4. Configure your applications to use the same cookie format

   1. ASP.NET 4.5

      Return to the location where your app calls app.UseCookieAuthentication();

      Add using Microsoft.Owin.Security.Interop; to the using declarations at the top of the file.

      Now add the following code before the call to app.UseCookieAuthentication().

      var protectionProvider = DataProtectionProvider.Create(
              new DirectoryInfo(@"c:\keyring"));
      var dataProtector = protectionProvider.CreateProtector(
              "CookieAuthenticationMiddleware",
              "Cookie",
              "v2");
      var ticketFormat = new AspNetTicketDataFormat(new DataProtectorShim(dataProtector));

      Finally update your CookieAuthenticationOptions to add a TicketDataFormat parameter, using the ticketFormat variable created in the code above.

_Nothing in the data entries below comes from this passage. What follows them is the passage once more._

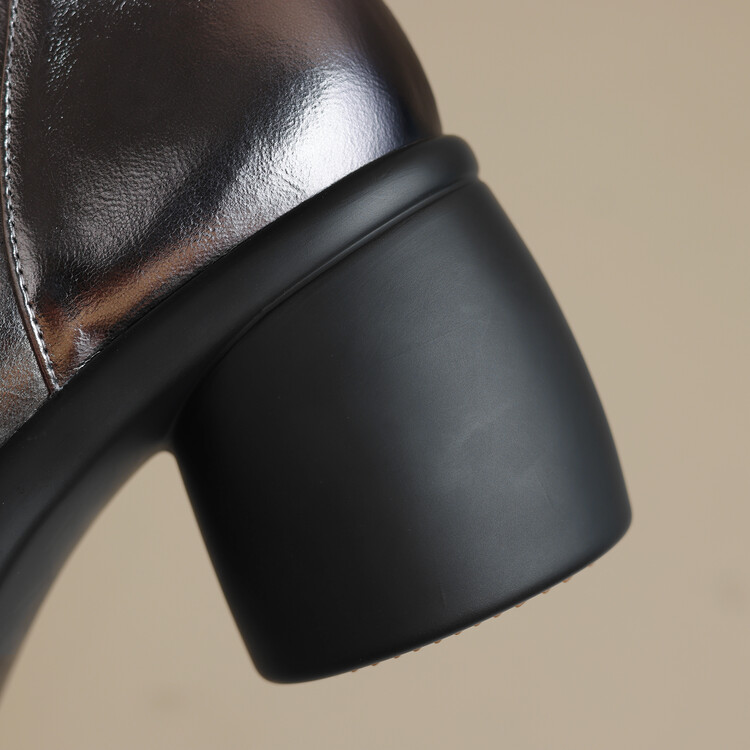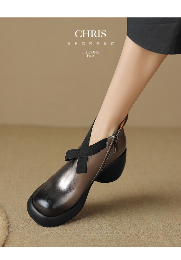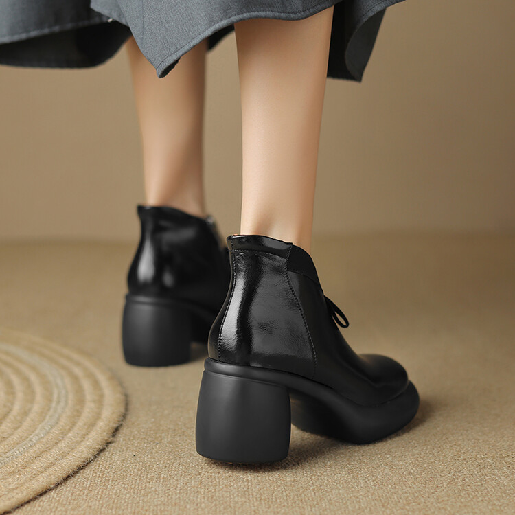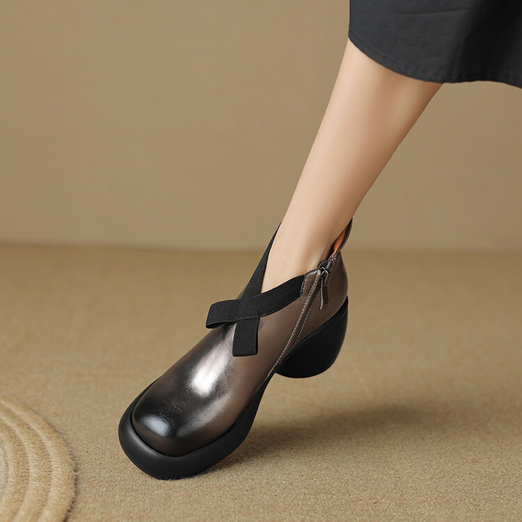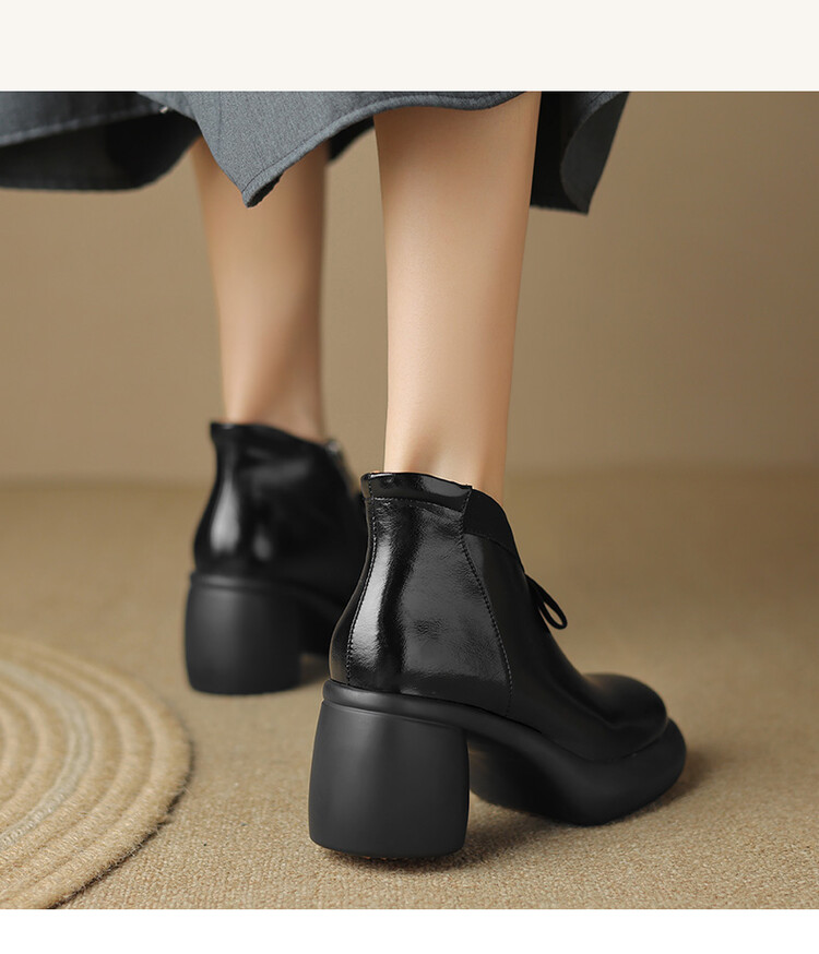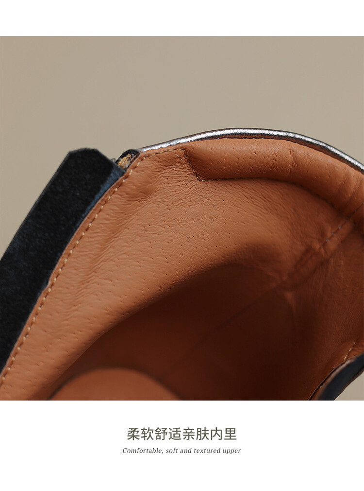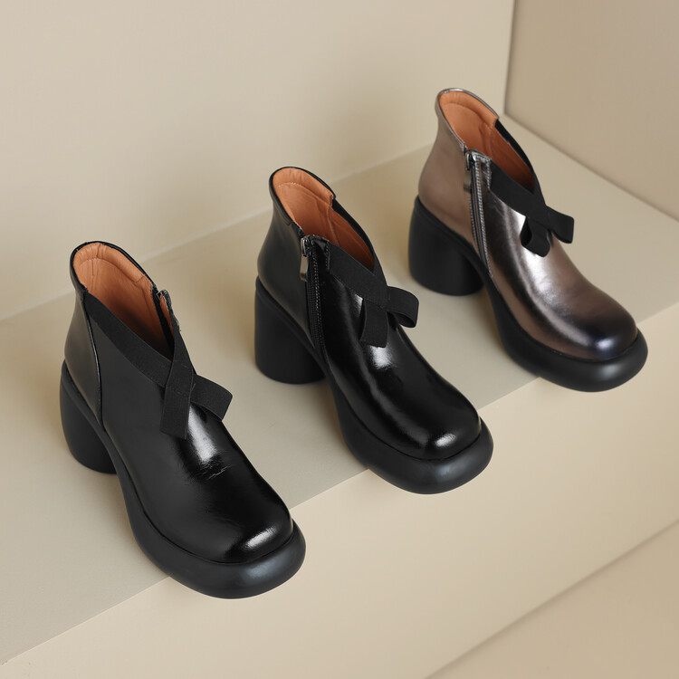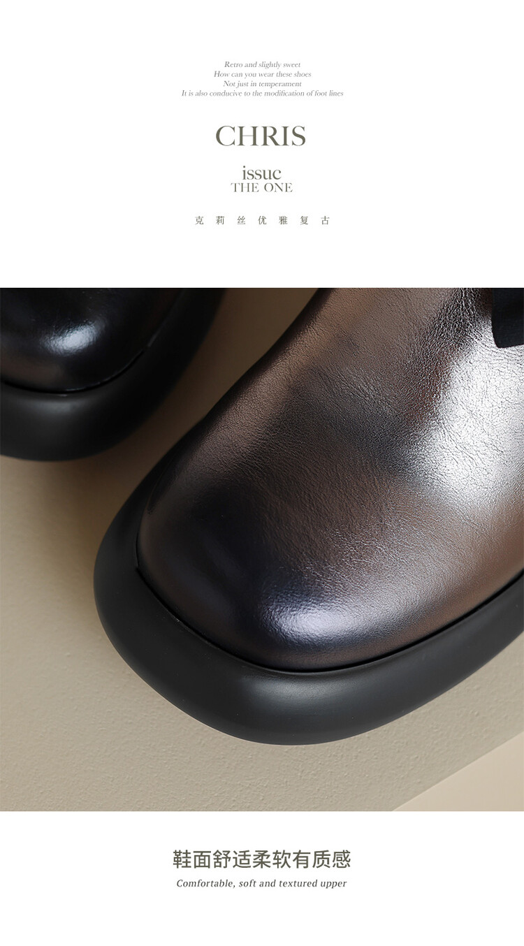 【预售5天】轻巧舒适圆头厚底蝴蝶结瘦瘦靴,真皮气质枪色粗跟高跟鞋短靴MDY&M508-3
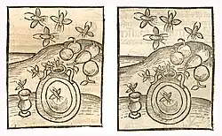 - ↑ Hieronymus Brunschwig. Kleines Destillierbuch. Güninger, Straßburg 1500, Blatt 46r (Digitalisat)
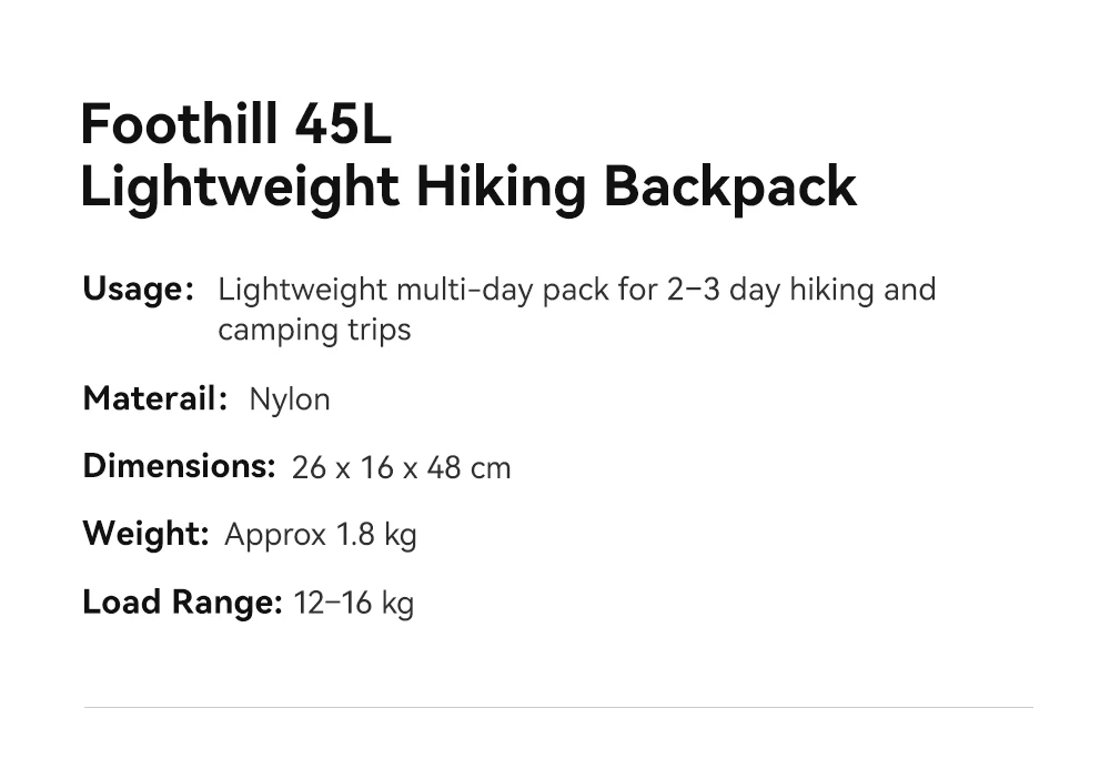 KAILAS Foothill 45L Large Capacity Hiking Backpack Lightweight Durable Women Men Outdoor Climbing Bags KA2453004
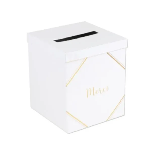 Parfaite L’Urne Mariage Merci Blanche Et Or, Une Urne A Enveloppe Luxe Avec Sa Couleur Or Et Blanche
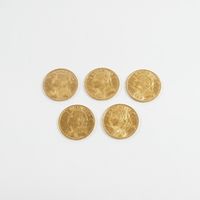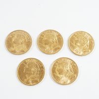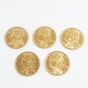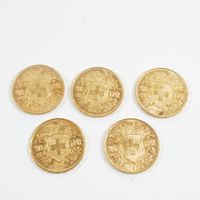 5 pièces de 20 frcs Suisse en or 900 mil. 32,3 g.
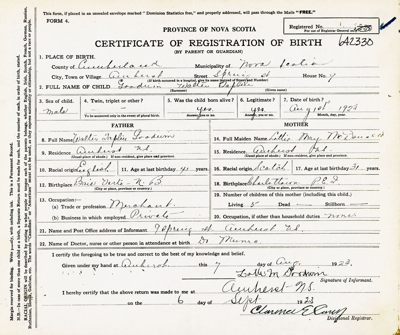 Male Birth Registration: Year: 1923 number: 64200330

      app.UseCookieAuthentication(new CookieAuthenticationOptions
      {
          AuthenticationType = "Cookie",
          CookieName = ".AspNet.SharedCookie",
          TicketDataFormat = ticketFormat
      });

   2. ASP.NET Core Return to the location where your app calls services.AddIdentity<ApplicationUser, IdentityRole>() or app.UseCookieAuthentication().

      Add using Microsoft.AspNetCore.DataProtection; to the using declarations at the top of the file.

      Now add the following code before the call to services.AddIdentity<ApplicationUser, IdentityRole>() or app.UseCookieAuthentication().

      var protectionProvider = DataProtectionProvider.Create(
              new DirectoryInfo(@"c:\keyring"));
      var dataProtector = protectionProvider.CreateProtector(
              "CookieAuthenticationMiddleware",
              "Cookie",
              "v2");
      var ticketFormat = new TicketDataFormat(dataProtector);

      Finally update your CookieAuthenticationOptions to add a TicketDataFormat parameter, using the ticketFormat variable created in the code above.

      1. ASP.NET Core with ASP.NET Identity

         services.AddIdentity<ApplicationUser, IdentityRole>(options =>
         {
             options.Cookies = new Microsoft.AspNetCore.Identity.IdentityCookieOptions
             {
                 ApplicationCookie = new CookieAuthenticationOptions
                 {
                     AuthenticationScheme = "Cookie",
                     CookieName = ".AspNet.SharedCookie",
                     TicketDataFormat = ticketFormat
                 }
             };
          })
          .AddEntityFrameworkStores<ApplicationDbContext>()
          .AddDefaultTokenProviders();

      2. ASP.NET Core using Cookie Middleware directly

         app.UseCookieAuthentication(new CookieAuthenticationOptions
         {
             AuthenticationScheme = "Cookie",
             CookieName = ".AspNet.SharedCookie",
             TicketDataFormat = ticketFormat
         });

Adding compatibility for applications using ASP.NET Identity

The interop shim does not enabling the sharing of identity databases between applications. ASP.NET 4.5 uses Identity 1.0 or 2.0, ASP.NET Core uses Identity 3.0. If you want to share databases you must update the ASP.NET Identity 2.0 applications to use the ASP.NET Identity 3.0 schemas. If you are upgrading from Identity 1.0 you should migrate to Identity 2.0 first, rather than try to go directly to 3.0.